| Material for this exercise |
-*-

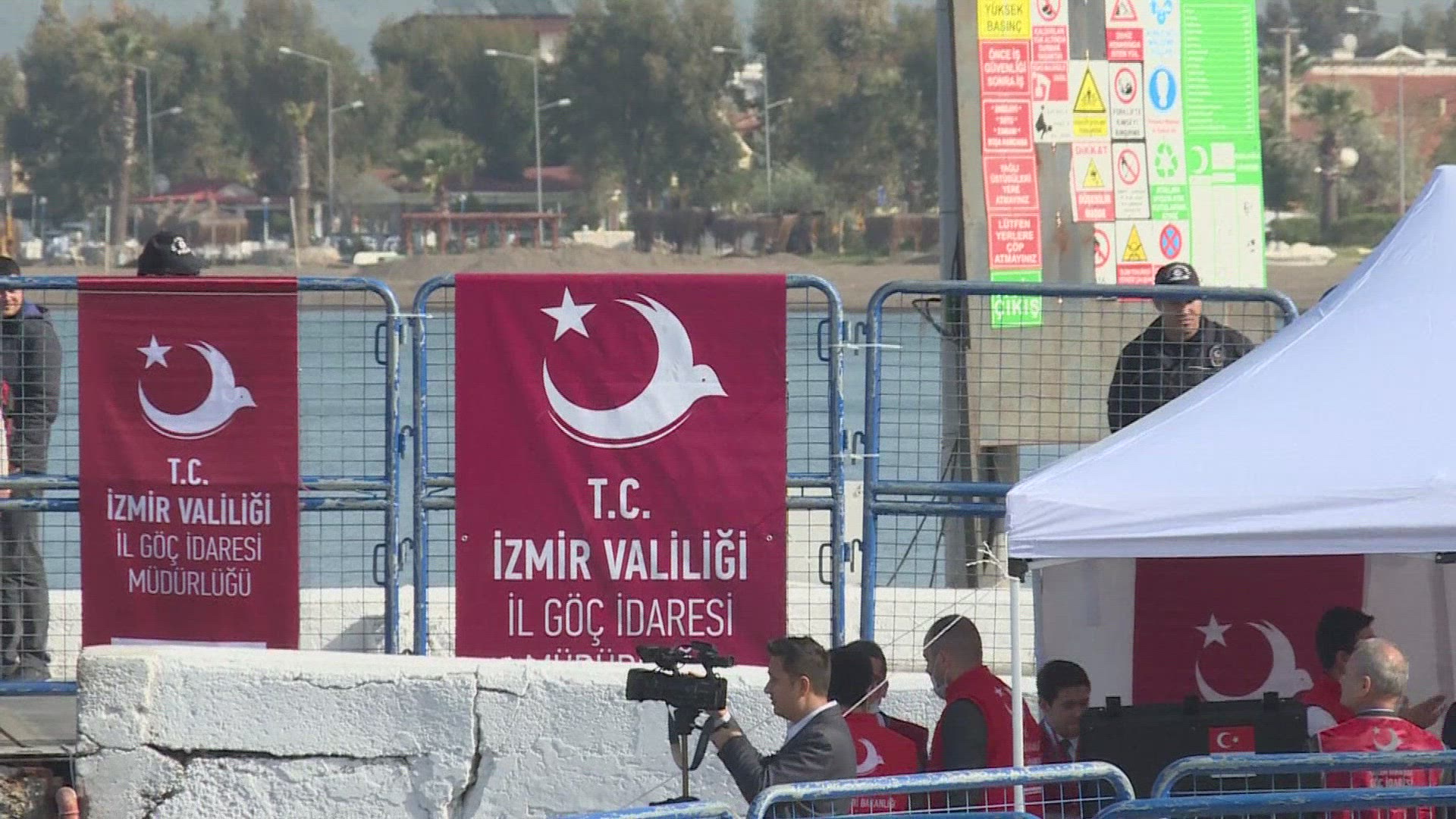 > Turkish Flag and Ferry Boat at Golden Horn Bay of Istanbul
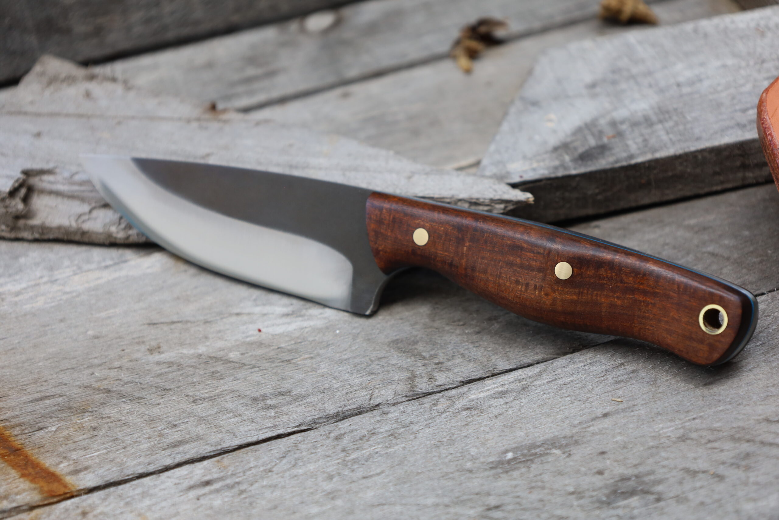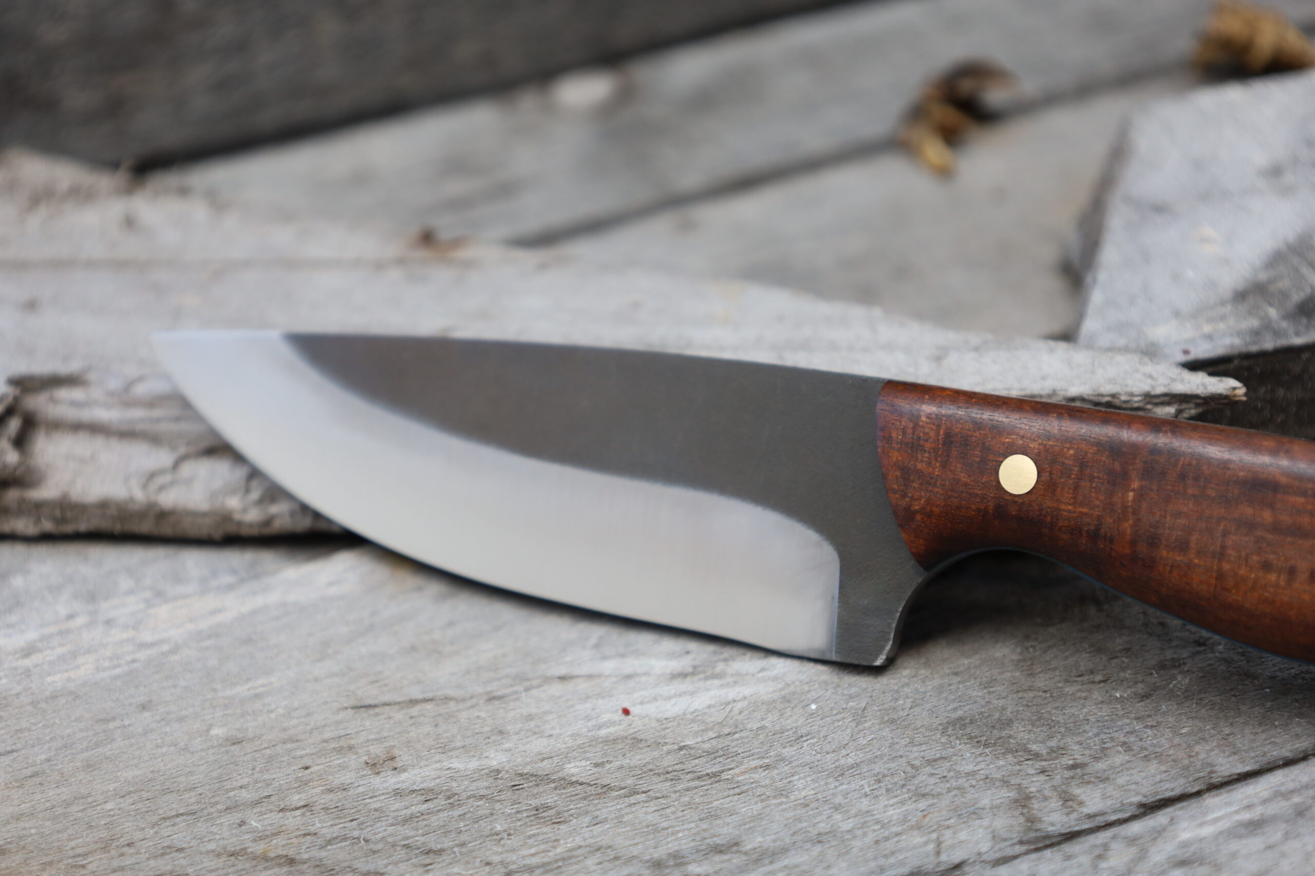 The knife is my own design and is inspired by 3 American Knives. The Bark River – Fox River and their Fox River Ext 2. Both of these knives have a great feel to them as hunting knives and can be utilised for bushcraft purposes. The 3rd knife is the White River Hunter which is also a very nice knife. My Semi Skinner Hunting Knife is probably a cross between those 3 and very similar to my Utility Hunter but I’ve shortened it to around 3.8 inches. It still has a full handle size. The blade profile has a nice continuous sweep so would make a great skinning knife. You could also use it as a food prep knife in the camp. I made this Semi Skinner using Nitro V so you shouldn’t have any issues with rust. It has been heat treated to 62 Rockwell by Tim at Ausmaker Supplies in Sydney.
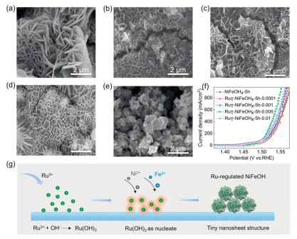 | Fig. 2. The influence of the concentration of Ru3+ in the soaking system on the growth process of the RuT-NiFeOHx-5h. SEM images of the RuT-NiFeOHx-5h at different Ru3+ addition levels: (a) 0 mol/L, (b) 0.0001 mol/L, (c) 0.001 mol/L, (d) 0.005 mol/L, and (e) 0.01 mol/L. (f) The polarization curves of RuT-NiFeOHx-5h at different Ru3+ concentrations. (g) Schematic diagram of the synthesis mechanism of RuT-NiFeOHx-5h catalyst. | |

-*-

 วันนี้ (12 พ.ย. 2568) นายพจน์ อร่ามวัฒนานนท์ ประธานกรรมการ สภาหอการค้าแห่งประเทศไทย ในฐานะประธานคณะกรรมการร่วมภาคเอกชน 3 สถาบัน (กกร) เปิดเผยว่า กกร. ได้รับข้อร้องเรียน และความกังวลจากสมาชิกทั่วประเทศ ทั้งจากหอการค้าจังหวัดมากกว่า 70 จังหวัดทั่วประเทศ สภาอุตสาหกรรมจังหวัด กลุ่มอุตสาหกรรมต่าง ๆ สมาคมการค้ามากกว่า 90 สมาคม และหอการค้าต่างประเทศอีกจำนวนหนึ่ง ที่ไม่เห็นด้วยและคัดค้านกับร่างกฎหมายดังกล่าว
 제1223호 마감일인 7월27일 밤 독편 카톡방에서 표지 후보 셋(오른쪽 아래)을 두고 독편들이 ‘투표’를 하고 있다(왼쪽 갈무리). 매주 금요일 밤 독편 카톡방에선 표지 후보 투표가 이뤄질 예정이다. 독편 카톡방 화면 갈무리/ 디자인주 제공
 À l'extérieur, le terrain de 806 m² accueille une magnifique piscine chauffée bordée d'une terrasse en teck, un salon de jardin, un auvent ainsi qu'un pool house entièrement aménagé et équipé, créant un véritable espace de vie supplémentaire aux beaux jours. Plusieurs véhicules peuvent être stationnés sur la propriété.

-*-

Beginning with the line holding "Bay of Istanbul" in the material above, restate word for word each line through the line holding "The knife is", and exclude pictures.

 > Turkish Flag and Ferry Boat at Golden Horn Bay of Istanbul
 The knife is my own design and is inspired by 3 American Knives. The Bark River – Fox River and their Fox River Ext 2. Both of these knives have a great feel to them as hunting knives and can be utilised for bushcraft purposes. The 3rd knife is the White River Hunter which is also a very nice knife. My Semi Skinner Hunting Knife is probably a cross between those 3 and very similar to my Utility Hunter but I’ve shortened it to around 3.8 inches. It still has a full handle size. The blade profile has a nice continuous sweep so would make a great skinning knife. You could also use it as a food prep knife in the camp. I made this Semi Skinner using Nitro V so you shouldn’t have any issues with rust. It has been heat treated to 62 Rockwell by Tim at Ausmaker Supplies in Sydney.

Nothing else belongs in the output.